JAKARTA - Asia Tenggara bersiap menghadapi lonjakan aktivitas eksplorasi gas hulu pada 2025, dengan lebih dari selusin proyek ekstraksi gas yang berpotensi mencapai Final Investment Decision (FID). Namun, tren ini memicu kekhawatiran serius terhadap dampaknya bagi lingkungan hidup dan masa depan transisi energi bersih di kawasan.
Berdasarkan laporan gabungan Global Oil and Gas Extraction Tracker dan Asia Gas Tracker, tercatat satu proyek telah disetujui dan 13 proyek lainnya berpotensi meraih FID tahun ini. Jumlah ini menjadi yang tertinggi dalam lebih dari satu dekade terakhir.
Dari total proyek tersebut, lima berada di Indonesia, dua di Malaysia, empat di Vietnam, satu di Brunei, dan satu di Myanmar. Bila seluruh proyek ini disetujui dan berjalan, kawasan Asia Tenggara diproyeksikan akan menghasilkan lebih dari 20 miliar meter kubik gas per tahun, naik sekitar 18 persen dibandingkan produksi saat ini.

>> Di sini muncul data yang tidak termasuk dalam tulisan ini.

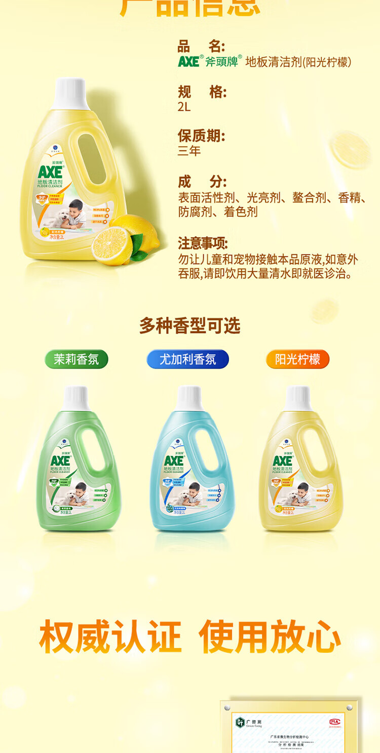 AX floor cleaner, antibacterial floor water, tiles, wooden boards, marble general decontamination floor cleaning liquid, mopping liquid, jasmine fragrance 2L

Keputusan investasi akhir (FID) merupakan tahap penting dalam pengembangan ladang gas. Di sinilah keputusan formal diambil untuk memulai proyek setelah semua izin dan pendanaan diperoleh. Namun demikian, banyak proyek ini memiliki rekam jejak penundaan serta tingkat ketidakpastian yang tinggi terkait pelaksanaannya.
Yang menjadi sorotan tajam adalah lokasi proyek-proyek tersebut yang berada di wilayah-wilayah sensitif secara ekologis, seperti Segitiga Terumbu Karang yang dikenal sebagai pusat keanekaragaman hayati laut dunia serta Delta Mekong yang menjadi sumber kehidupan jutaan penduduk.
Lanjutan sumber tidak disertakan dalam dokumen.